What the task requires:
In your copy, each record should read exactly as it does below, and no pictures should be present.

Recorded information:
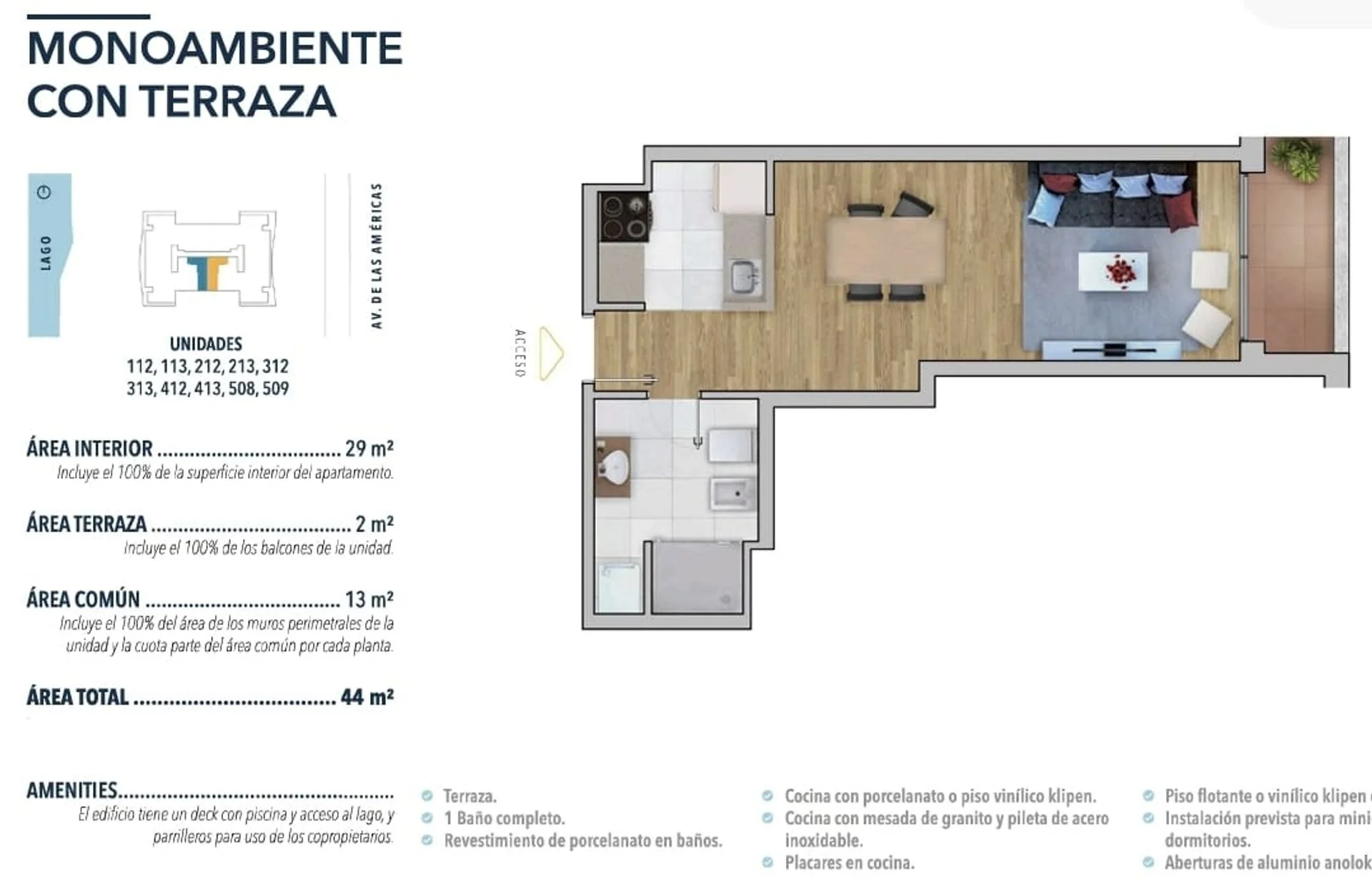 Venta de monoambiente con balcón en piso 4 en Edificio a estrenar Américas Uno frente a Avenida de las Américas y lago
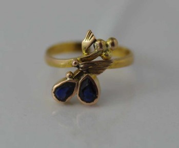 Lot Description:9ct gold and 2 blue sapphires dress ring
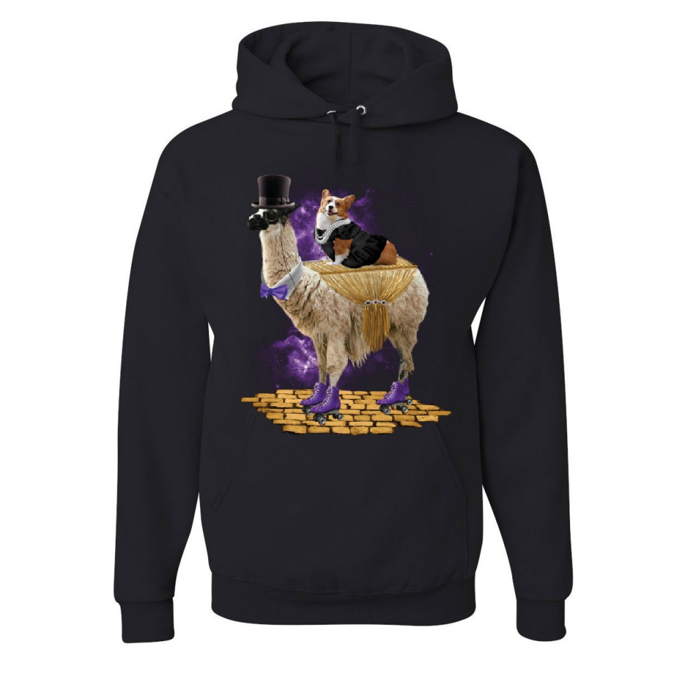 CORGI RIDING A LLAMA corgi riding a gentleman llama hoodie funny weird universe dog sweatshirt black
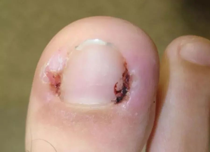 随着指甲继续向前生长,它的边缘会变成「钉子」,刺到肉里。
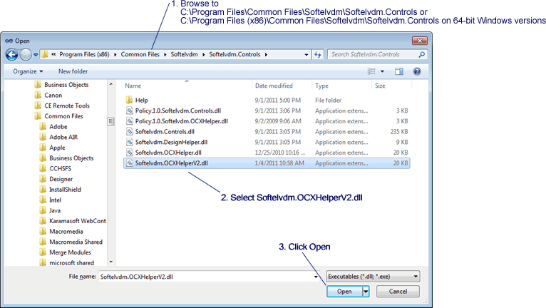The SftHelperComponent is located at C:\Program Files\Common Files\Softelvdm\Softelvdm.Controls or C:\Program Files (x86)\Common Files\Softelvdm\Softelvdm.Controls on 64-bit Windows versions.

Exercise answer:
 Venta de monoambiente con balcón en piso 4 en Edificio a estrenar Américas Uno frente a Avenida de las Américas y lago
 Lot Description:9ct gold and 2 blue sapphires dress ring
 CORGI RIDING A LLAMA corgi riding a gentleman llama hoodie funny weird universe dog sweatshirt black
 随着指甲继续向前生长,它的边缘会变成「钉子」,刺到肉里。
The SftHelperComponent is located at C:\Program Files\Common Files\Softelvdm\Softelvdm.Controls or C:\Program Files (x86)\Common Files\Softelvdm\Softelvdm.Controls on 64-bit Windows versions.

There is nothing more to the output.